On a guided tour of the several prospects there, Hopkins, then thirty-seven years old, got a taste of what it was like to keep up with a fifty-year-old Louis Giddings when he donned his old fashioned Trapper Nelson wood and canvas packboard, pulled his ball cap down on his head, and struck out across the tundra.
The first time I visited, we covered the whole of Cape Krusenstern. Cape Krusenstern is very, very large. The beach ridge complex itself is probably about three miles wide and tens of miles long. So we hiked a complete transect across the beach ridges near his camp. ... Then we got into an outboard and went to the inner [landward] edge of the lagoon because Louis knew where there were some shells weathering out. ... Then he wanted to take me up to see the Palisades site. So we climbed the hillside to see Palisades I and II. Then we came down, and then we hiked over to some early Thule houses, which had been burned with the occupants in them. Perhaps we didn’t do all this in one day. What I recall is that we walked very, very, very many miles. Louis had long legs and we were walking side by side, but I was exerting myself. Finally, after many hours, I said, would you mind if we slowed down a bit? He said, Oh, yeah. I would have liked to have slowed down long ago. I was just trying to keep up with you.
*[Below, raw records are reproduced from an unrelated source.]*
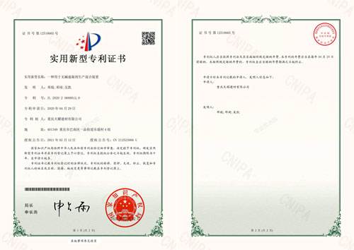 重慶天耀建材有限公司榮獲多項(xiàng)專利證明
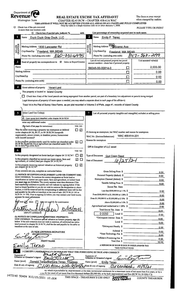 | Mailing Address: | 2389 ZYLSTRA RD OAK HARBOR, WA 98277 | % Ownership: | 100.0000000000% |
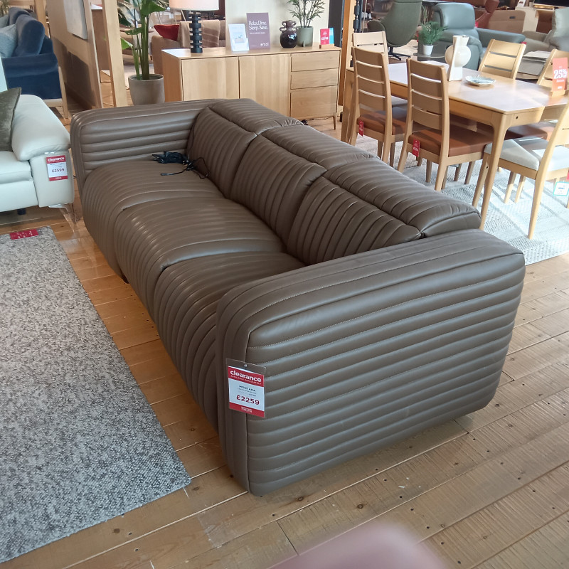 Stylish leather sofa ready to go in Gulidford upstairs showroom.

Giddings’ take on the event is supported by the recollection of Paul Dayton, Giddings’ nephew and field assistant, now a professor of marine ecology at the Scripps Institution of Oceanography in California: “Hopkins came by Krusenstern just briefly when I was there and all I can remember is that he walked faster than hell! We went a long ways (several miles) each day and I had to run to keep up with him.”
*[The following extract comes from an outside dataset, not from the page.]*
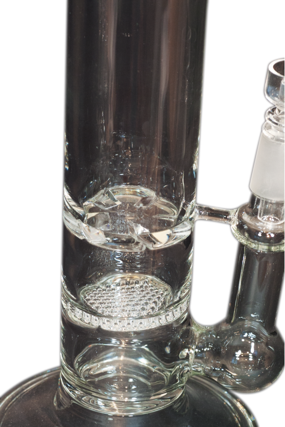Inline Perk with Honeycomb Diffuser and ice catcher providing two layers of water diffusion. Available for Flower and Concentrates. Flower bowl pictured.44mm

The horizontal stratigraphy that Louis Giddings developed at Cape Krusenstern was recognized for the spectacular discovery that it was. But some archeologists questioned his conclusion that the farthest inland sites at Krusenstern, which he called Palisades II, were two thousand years older than sites on a beach ridge he called Beach 53. These were the new cultures Giddings had found, and they both contained similar and distinctive side-notched points. Since it was possible for the Beach 53 people to have also built houses farther inland at the Palisades, the question arose as to whether Giddings’ dating was wrong—that really only two phases of one culture were represented. What he needed was the incontrovertible evidence of a good vertical stratigraphy that matched the beach sequence. And rattling around in the back of Louis Giddings’ mind was a clue as to where to dig for it.
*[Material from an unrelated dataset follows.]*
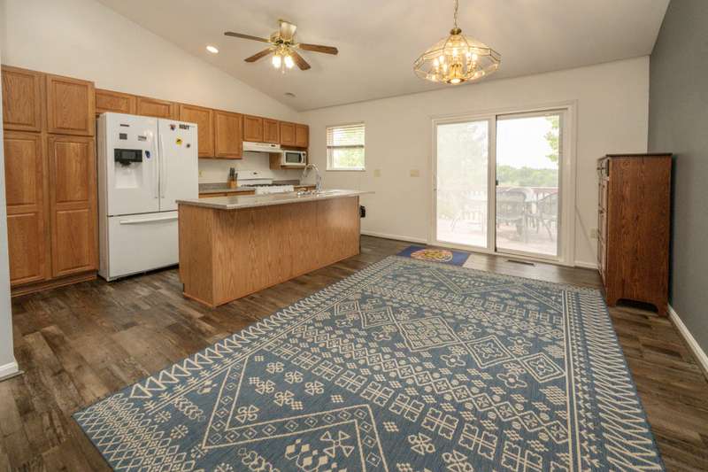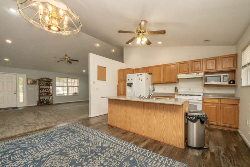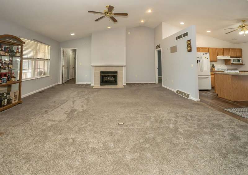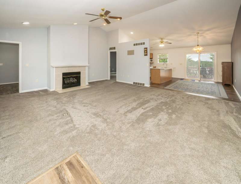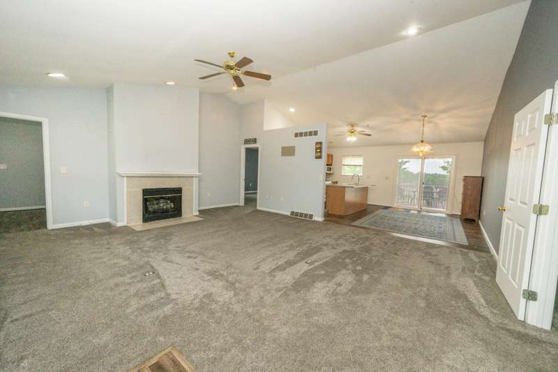 Back on Market! Buyer's financing fell thru. Your opportunity awaits! Well kept ranch with open floor plan and cathedral ceilings. Cozy gas fireplace adds warmth and charm. The full basement features walk-out to a fenced, flat back yard perfect for pets and entertainment. Basement includes a half bath, workshop, and extra finished room suitable for office or additional living space. A great combination of comfort and easy living.

A characteristic shot of J. Louis Giddings, in his wood frame Trapper Nelson backpack, using a shovel as a pointer, declaiming on a bowhead whale skull, Cape Krusenstern, 1961 (Photo by Dave Hopkins, courtesy of Dave Hopkins)
Hopkins (right) and crew launch a skin boat by rolling it over an inflated seal skin, Baldwin Peninsula, 1961. Others, left to right: Dan Libsourne of Point Hope; Dick Janda, geologist; Willy Goodwin, Jr. of Kotzebue (Photo courtesy of Dave Hopkins)
He had seen the place twenty years earlier. In 1941, the summer after his epic solo raft and kayak trip, Giddings had returned to the Kobuk River to excavate some of the house pits he’d discovered in the earlier survey. At a place called Onion Portage (for the wild onions that grew there), Giddings dug four house pits. In House 1 he found a microblade and micro-cores from which microblades had been struck. The only similar artifacts ever found in Alaska to that point came from the Campus site at Fairbanks, which was thought to be a very old site. The microliths seemed out of place in the fifteenth-century Onion Portage house. For twenty years, the little flints nagged at Giddings like so many stones in his boot.
Was it possible that there were more layers of artifacts beneath the floor of House 1? Could a house builder in the thirteenth century have dug into an older house depression and so heaved up to the surface some more deeply buried materials? Could this have even happened more than once, with the flints climbing up the stratigraphic rungs with each new excavation? In the summer of 1961, Giddings decided to return to the Kobuk and investigate House 1 again in the hope of verifying Cape Krusenstern’s horizontal stratigraphy.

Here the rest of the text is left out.